Z kolei Senegal musiał sobie poradzić nie tylko bez kontuzjowanego Sadio Mané, ale też bez Cheikhou Kouyate. Piłkarz Nottingham Forest był jednym z najlepszych zawodników „Lwów Terangi” przy okazji meczu z Holandią. Niestety musiał przedwcześnie opuścić boisko z powodu urazu, który uniemożliwił mu również występ w starciu z gospodarzami turnieju.

Jak można było się spodziewać, Senegalczycy przejęli inicjatywę na murawie Al Thumama Stadium. W pierwszej połowie skupiali się głównie na dośrodkowaniach, które długo nie skutkowały celnym strzałem. Próbowali także uderzeń z dystansu, ale przeważnie nie zmierzały one w stronę siatki. Możliwość objęcia prowadzenia nadeszła dopiero w 41. minucie, kiedy obrońca Kataru, Boualem Khoukhi, przewrócił się, próbując wybić piłkę. Futbolówka potoczyła się pod nogi Boulaye Dii, który zdobył pierwszą bramkę dla mistrzów Afryki na tych mistrzostwach.
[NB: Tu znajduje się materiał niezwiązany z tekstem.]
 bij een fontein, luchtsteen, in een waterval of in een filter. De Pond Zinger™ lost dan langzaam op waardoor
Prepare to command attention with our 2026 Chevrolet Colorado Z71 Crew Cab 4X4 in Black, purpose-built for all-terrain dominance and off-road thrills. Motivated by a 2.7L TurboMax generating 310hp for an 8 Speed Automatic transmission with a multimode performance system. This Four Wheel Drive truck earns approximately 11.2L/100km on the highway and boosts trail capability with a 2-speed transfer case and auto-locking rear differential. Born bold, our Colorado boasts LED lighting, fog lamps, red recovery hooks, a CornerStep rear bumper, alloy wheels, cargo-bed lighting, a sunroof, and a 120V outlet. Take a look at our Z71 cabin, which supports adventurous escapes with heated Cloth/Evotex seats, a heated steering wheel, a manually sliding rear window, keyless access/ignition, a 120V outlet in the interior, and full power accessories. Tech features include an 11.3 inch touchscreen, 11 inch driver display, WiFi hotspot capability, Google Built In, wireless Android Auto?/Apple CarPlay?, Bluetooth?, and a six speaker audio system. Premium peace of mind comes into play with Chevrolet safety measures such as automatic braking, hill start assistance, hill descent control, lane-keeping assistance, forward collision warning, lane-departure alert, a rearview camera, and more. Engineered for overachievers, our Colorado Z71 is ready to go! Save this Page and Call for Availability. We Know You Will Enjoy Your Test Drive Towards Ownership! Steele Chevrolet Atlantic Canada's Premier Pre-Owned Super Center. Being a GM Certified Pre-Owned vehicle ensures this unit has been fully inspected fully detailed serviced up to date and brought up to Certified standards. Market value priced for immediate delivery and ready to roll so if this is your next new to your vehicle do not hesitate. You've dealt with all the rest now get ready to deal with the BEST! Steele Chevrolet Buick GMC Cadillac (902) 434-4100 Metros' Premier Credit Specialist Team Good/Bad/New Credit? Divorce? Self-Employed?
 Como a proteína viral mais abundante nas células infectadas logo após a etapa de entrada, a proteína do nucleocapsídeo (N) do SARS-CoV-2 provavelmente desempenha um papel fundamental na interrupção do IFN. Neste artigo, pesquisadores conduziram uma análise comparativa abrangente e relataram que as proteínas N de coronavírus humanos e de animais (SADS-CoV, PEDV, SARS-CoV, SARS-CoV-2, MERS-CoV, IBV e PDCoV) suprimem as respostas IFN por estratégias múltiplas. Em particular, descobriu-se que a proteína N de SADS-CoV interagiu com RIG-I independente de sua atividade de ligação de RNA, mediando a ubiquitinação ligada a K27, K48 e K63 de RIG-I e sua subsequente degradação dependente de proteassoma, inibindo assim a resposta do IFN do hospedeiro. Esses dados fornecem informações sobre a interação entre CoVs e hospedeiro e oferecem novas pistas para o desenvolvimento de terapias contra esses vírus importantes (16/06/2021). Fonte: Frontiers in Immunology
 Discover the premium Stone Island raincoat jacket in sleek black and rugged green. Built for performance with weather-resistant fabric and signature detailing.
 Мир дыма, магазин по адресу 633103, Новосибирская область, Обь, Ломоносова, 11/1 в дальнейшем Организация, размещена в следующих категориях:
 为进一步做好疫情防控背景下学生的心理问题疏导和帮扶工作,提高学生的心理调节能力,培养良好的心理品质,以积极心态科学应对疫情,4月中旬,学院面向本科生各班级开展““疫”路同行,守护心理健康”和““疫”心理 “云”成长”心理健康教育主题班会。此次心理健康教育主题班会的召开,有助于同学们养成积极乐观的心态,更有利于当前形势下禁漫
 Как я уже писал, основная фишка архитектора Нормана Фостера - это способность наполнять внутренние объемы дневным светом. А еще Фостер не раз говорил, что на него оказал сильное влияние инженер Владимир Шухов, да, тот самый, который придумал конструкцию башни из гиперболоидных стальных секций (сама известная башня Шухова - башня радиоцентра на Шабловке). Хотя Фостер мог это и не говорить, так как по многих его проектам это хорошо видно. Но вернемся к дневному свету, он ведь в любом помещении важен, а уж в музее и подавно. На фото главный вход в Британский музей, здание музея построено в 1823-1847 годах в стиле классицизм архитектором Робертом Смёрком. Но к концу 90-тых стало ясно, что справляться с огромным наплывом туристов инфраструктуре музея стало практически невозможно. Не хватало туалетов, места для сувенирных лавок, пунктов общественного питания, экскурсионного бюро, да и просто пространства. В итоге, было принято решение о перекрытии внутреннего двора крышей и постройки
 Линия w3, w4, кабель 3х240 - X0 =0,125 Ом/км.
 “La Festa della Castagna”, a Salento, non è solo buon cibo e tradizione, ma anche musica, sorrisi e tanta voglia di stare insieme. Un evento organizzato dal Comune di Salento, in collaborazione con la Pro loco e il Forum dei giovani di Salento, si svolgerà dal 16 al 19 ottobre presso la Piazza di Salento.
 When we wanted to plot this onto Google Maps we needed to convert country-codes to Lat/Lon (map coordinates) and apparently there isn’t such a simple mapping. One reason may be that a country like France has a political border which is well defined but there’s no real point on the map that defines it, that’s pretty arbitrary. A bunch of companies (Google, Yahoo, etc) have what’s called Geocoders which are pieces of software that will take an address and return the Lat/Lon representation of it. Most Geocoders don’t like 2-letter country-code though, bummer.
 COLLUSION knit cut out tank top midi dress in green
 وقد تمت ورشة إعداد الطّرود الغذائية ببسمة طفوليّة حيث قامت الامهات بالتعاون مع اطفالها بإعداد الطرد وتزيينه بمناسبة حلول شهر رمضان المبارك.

Już niespełna trzy minuty po rozpoczęciu drugiej połowy Famara Diedhiou podwyższył prowadzenie Senegalu. Pięknie uderzył piłkę głową po dośrodkowaniu z rzutu rożnego i odnotował 11. bramkę w reprezentacji. Gol na 2:0 nieco ostudził dominację piłkarzy Aliou Cissé, w wyniku czego Katar operował bliżej bramki Edouarda Mendy’ego. Bramkarz Chelsea zrehabilitował się za słabszy występ przeciwko Holandii kilkoma efektownymi interwencjami.

Wygraną Senegalu 3:1 przypieczętował w 84. minucie Bamba Dieng, przez co „Lwy Terangi” wywalczyły pierwsze zwycięstwo reprezentantów Afryki. Jednocześnie Katar pozostał jedyną drużyną bez punktu w grupie A.

4. Katar dokonuje historycznego wyczynu

W przeciwieństwie do mało zachwycającej drugiej połowy meczu z Ekwadorem Katar próbował wykreować kilka akcji ofensywnych. W 34. minucie Katarczycy byli najbliżsi gola, kiedy Akram Afif upadł w polu karnym, będąc naciskanym przez Ismailę Sarra. Ku niezadowoleniu napastnika Al-Sadd, a wcześniej Villarrealu sędzia Mateu Lahoz nie potraktował wejścia Sarra jako faul. Sytuacja ta mogła wywołać wiele kontrowersji.

Późniejsza dobra dyspozycja bramkarza nie powstrzymała jednak Kataru przed zdobyciem pierwszej bramki na mistrzostwach świata. W 78. minucie Mohammed Muntari wykorzystał precyzyjną wrzutkę i trafił do siatki.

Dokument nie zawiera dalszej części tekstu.